WHAT YOU HAVE TO DO:
Below are lines of records; copy exactly those from the one containing "2. Balance points" through the one containing "- 🍴【美味しく食べて理想の", leaving the pictures behind.

DATA SUPPLIED:
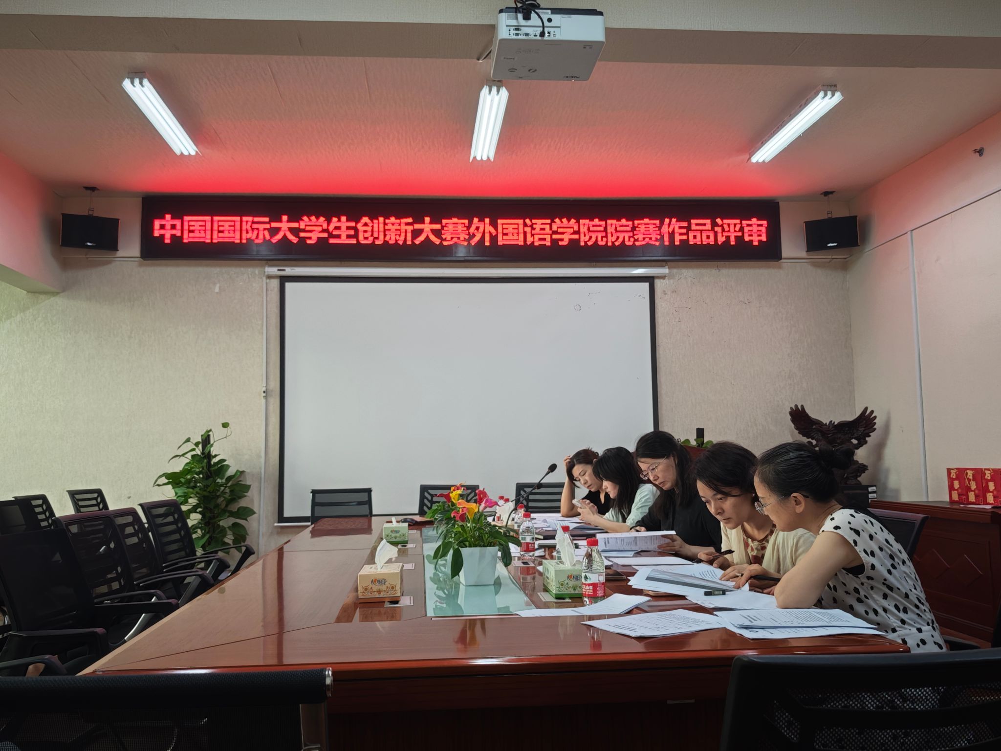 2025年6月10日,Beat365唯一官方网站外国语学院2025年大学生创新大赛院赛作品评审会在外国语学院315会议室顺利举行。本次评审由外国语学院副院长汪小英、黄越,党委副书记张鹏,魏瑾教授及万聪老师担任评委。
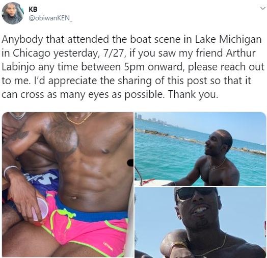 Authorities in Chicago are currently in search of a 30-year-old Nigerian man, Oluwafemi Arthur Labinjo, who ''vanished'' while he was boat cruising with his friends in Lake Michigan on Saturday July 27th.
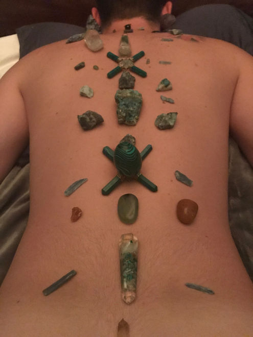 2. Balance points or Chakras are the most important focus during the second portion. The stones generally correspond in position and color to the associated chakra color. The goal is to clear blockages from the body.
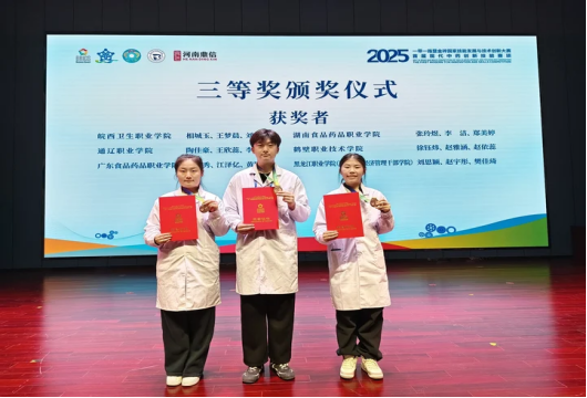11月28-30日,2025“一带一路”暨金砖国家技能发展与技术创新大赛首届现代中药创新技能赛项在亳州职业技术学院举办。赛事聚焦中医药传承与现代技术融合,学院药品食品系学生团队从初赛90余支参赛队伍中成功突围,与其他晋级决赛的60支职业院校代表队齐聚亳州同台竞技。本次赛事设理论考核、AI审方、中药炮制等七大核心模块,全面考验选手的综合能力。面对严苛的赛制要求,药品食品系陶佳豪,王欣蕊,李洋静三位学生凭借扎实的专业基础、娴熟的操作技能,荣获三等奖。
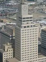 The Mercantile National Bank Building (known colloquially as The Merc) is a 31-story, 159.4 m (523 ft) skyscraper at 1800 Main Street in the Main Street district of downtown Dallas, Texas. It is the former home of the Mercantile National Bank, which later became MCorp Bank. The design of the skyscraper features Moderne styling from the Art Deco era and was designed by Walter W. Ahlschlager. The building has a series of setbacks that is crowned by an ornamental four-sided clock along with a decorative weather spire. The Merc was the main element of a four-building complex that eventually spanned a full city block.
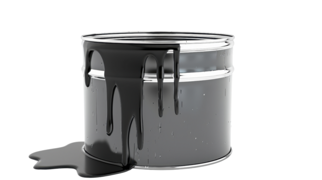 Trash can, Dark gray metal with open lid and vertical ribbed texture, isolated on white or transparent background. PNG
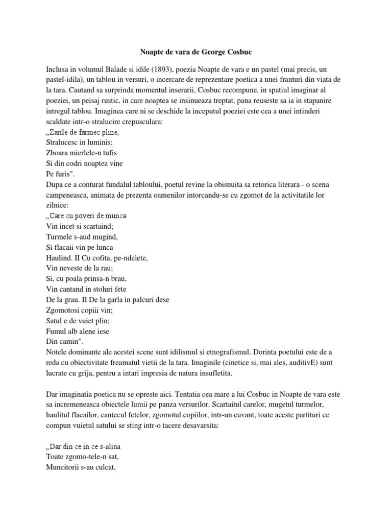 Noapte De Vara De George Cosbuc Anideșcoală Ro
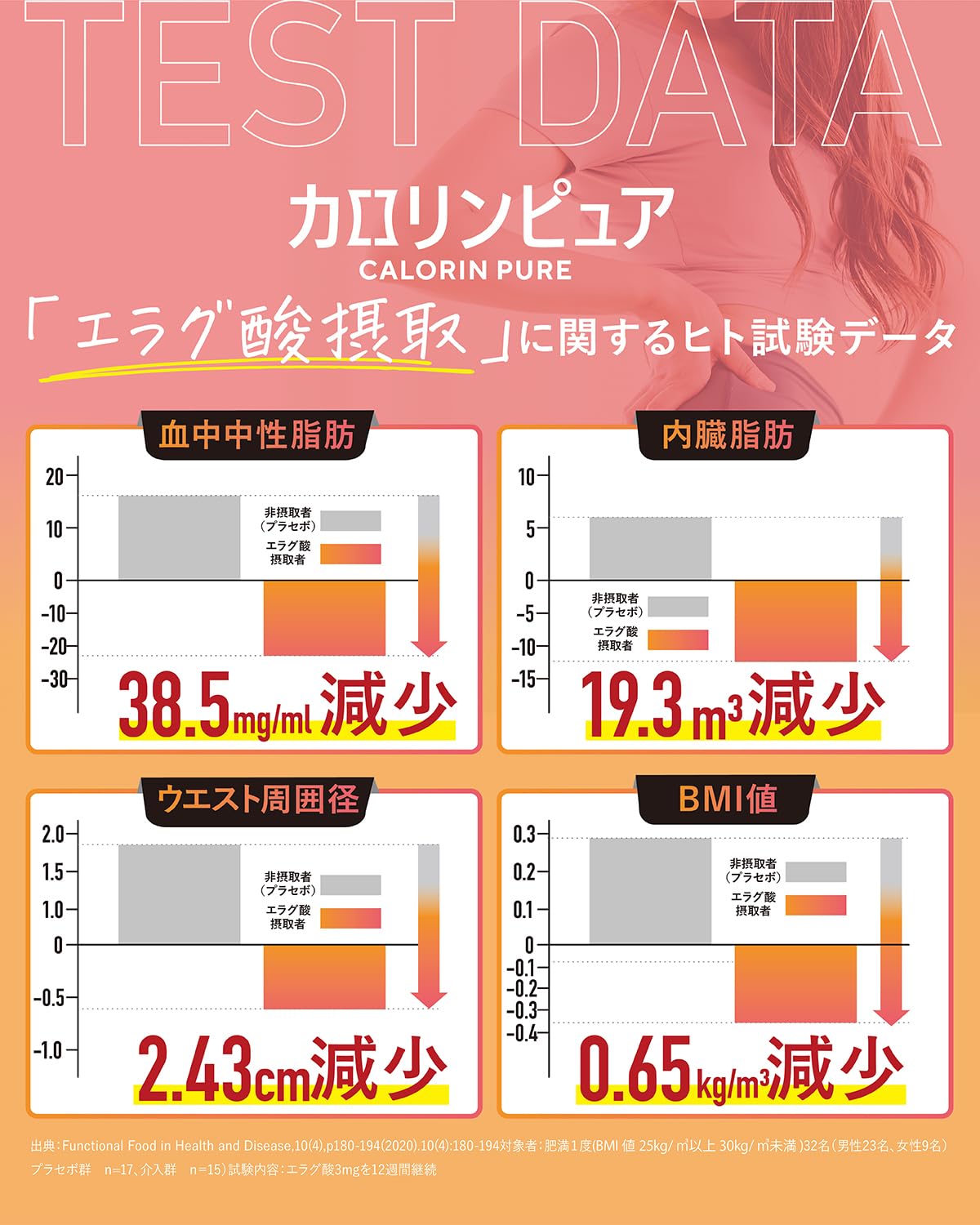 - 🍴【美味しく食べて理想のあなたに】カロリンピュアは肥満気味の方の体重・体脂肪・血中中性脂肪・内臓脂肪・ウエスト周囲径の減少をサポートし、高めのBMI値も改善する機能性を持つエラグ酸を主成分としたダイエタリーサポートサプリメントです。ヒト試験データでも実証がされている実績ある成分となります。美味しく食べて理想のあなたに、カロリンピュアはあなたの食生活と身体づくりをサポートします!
...
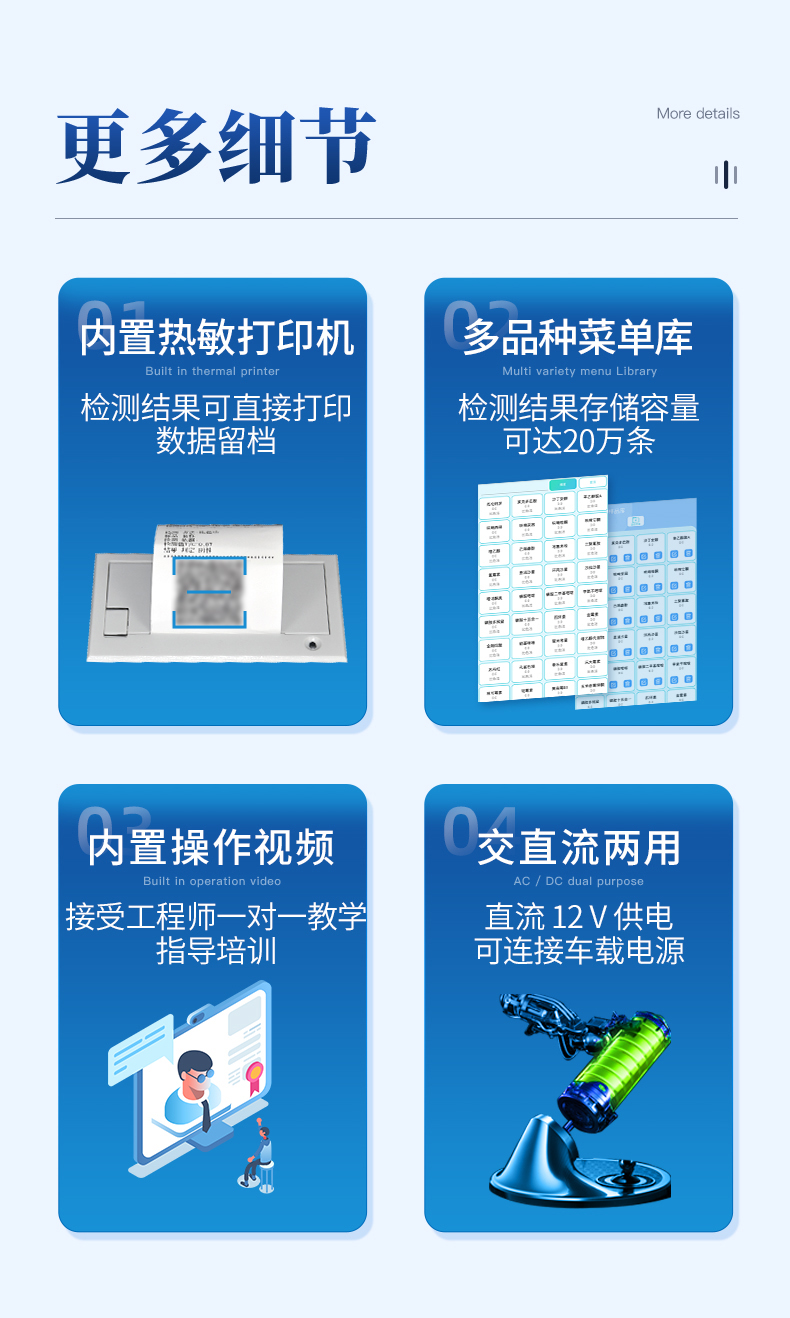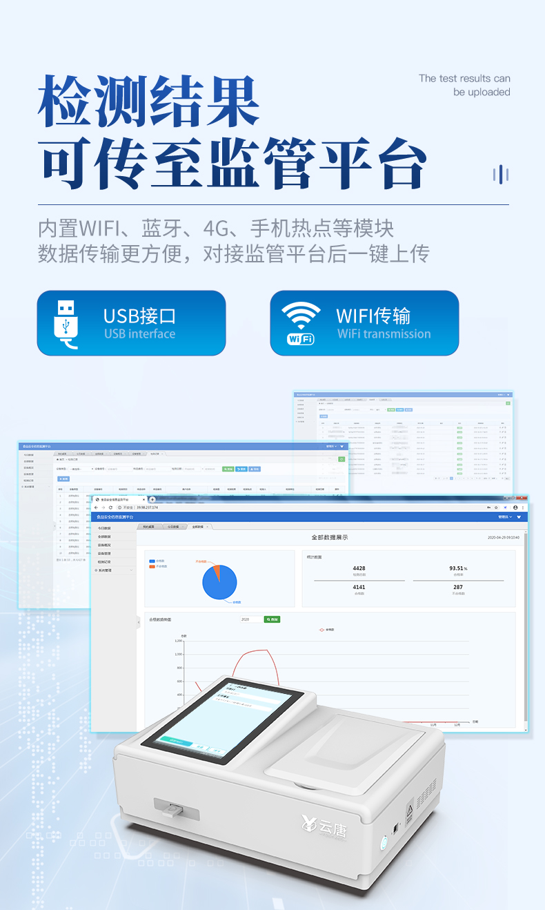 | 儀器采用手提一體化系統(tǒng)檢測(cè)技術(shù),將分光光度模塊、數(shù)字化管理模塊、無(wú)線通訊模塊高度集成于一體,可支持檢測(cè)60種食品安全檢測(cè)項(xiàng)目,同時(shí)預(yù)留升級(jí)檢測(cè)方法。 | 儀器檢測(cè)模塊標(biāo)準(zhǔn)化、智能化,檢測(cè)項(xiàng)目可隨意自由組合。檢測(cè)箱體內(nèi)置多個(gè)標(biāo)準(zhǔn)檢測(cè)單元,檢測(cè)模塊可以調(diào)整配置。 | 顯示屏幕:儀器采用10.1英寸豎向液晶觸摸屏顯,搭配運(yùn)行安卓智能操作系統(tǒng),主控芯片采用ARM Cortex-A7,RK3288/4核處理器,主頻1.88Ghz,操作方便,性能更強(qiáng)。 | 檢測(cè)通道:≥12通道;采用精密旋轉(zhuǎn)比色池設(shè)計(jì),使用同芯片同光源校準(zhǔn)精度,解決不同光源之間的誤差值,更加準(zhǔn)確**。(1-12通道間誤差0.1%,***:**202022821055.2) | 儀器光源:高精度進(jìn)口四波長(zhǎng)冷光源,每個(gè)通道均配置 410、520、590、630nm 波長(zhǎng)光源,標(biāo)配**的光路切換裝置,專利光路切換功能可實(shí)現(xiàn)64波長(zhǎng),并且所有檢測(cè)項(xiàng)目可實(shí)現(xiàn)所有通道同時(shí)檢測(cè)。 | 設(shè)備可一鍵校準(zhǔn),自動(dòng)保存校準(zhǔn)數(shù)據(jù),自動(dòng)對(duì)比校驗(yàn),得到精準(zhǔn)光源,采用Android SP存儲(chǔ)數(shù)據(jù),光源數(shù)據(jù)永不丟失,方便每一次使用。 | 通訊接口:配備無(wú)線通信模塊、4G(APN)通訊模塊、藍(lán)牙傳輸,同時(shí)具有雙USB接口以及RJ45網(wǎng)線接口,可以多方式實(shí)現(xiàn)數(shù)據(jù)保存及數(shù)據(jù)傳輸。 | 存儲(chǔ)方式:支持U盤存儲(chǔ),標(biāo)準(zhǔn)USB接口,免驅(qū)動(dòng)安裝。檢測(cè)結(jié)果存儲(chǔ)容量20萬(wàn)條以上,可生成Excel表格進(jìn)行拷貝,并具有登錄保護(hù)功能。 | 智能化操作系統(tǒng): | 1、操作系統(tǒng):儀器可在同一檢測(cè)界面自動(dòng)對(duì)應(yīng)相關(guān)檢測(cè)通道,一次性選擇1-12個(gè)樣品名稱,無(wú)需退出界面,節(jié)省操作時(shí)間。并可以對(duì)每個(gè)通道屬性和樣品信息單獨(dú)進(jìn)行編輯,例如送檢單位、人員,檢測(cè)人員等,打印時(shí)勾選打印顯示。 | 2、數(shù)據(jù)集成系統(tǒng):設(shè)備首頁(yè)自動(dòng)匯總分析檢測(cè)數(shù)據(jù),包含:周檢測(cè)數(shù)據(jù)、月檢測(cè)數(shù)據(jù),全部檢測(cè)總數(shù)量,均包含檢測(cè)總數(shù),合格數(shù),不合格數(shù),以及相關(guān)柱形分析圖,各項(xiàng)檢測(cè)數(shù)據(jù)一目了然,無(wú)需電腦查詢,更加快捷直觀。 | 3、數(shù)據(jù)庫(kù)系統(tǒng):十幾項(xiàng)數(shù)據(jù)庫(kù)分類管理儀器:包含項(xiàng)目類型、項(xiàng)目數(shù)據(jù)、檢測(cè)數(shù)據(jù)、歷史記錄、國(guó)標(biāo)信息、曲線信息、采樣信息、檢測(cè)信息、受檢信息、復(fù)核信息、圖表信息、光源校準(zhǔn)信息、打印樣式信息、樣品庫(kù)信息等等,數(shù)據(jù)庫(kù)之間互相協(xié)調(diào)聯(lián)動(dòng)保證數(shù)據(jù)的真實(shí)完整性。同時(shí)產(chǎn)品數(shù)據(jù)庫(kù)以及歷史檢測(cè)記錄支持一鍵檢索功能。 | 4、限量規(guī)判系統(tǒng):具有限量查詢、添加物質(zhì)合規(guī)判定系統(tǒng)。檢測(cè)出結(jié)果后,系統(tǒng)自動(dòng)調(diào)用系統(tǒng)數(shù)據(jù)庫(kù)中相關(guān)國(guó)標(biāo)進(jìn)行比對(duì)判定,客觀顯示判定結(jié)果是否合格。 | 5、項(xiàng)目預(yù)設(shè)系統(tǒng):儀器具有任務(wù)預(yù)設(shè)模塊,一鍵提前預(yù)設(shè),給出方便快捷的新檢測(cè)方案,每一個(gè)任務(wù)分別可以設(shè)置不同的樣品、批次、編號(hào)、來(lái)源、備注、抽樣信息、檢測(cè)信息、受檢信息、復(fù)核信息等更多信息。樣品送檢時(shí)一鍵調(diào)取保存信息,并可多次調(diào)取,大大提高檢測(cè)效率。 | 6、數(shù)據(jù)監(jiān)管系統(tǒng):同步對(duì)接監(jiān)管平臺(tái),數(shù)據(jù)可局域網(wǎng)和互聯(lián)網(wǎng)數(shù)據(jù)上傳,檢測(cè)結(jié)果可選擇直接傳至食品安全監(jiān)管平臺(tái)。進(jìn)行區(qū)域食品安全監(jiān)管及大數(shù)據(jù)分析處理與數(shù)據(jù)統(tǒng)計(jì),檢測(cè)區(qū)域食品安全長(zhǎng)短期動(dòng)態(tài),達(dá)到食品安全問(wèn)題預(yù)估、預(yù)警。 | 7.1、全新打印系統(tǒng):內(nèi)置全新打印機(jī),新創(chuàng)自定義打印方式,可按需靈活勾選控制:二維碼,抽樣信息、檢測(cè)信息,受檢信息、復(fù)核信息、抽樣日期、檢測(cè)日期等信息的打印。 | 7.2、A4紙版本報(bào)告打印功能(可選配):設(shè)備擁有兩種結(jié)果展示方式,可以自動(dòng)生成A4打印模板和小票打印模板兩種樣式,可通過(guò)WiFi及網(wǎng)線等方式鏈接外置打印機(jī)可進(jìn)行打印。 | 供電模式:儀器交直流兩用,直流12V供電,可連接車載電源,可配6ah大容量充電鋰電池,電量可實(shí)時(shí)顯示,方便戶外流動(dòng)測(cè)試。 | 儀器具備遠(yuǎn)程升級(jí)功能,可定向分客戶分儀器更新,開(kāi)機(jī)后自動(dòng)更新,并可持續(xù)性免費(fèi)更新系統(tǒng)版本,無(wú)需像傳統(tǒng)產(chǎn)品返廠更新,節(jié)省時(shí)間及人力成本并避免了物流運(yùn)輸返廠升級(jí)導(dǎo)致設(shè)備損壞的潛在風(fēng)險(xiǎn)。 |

PROBLEM SOLUTION:
 2. Balance points or Chakras are the most important focus during the second portion. The stones generally correspond in position and color to the associated chakra color. The goal is to clear blockages from the body.
11月28-30日,2025“一带一路”暨金砖国家技能发展与技术创新大赛首届现代中药创新技能赛项在亳州职业技术学院举办。赛事聚焦中医药传承与现代技术融合,学院药品食品系学生团队从初赛90余支参赛队伍中成功突围,与其他晋级决赛的60支职业院校代表队齐聚亳州同台竞技。本次赛事设理论考核、AI审方、中药炮制等七大核心模块,全面考验选手的综合能力。面对严苛的赛制要求,药品食品系陶佳豪,王欣蕊,李洋静三位学生凭借扎实的专业基础、娴熟的操作技能,荣获三等奖。
 The Mercantile National Bank Building (known colloquially as The Merc) is a 31-story, 159.4 m (523 ft) skyscraper at 1800 Main Street in the Main Street district of downtown Dallas, Texas. It is the former home of the Mercantile National Bank, which later became MCorp Bank. The design of the skyscraper features Moderne styling from the Art Deco era and was designed by Walter W. Ahlschlager. The building has a series of setbacks that is crowned by an ornamental four-sided clock along with a decorative weather spire. The Merc was the main element of a four-building complex that eventually spanned a full city block.
 Trash can, Dark gray metal with open lid and vertical ribbed texture, isolated on white or transparent background. PNG
 Noapte De Vara De George Cosbuc Anideșcoală Ro
 - 🍴【美味しく食べて理想のあなたに】カロリンピュアは肥満気味の方の体重・体脂肪・血中中性脂肪・内臓脂肪・ウエスト周囲径の減少をサポートし、高めのBMI値も改善する機能性を持つエラグ酸を主成分としたダイエタリーサポートサプリメントです。ヒト試験データでも実証がされている実績ある成分となります。美味しく食べて理想のあなたに、カロリンピュアはあなたの食生活と身体づくりをサポートします!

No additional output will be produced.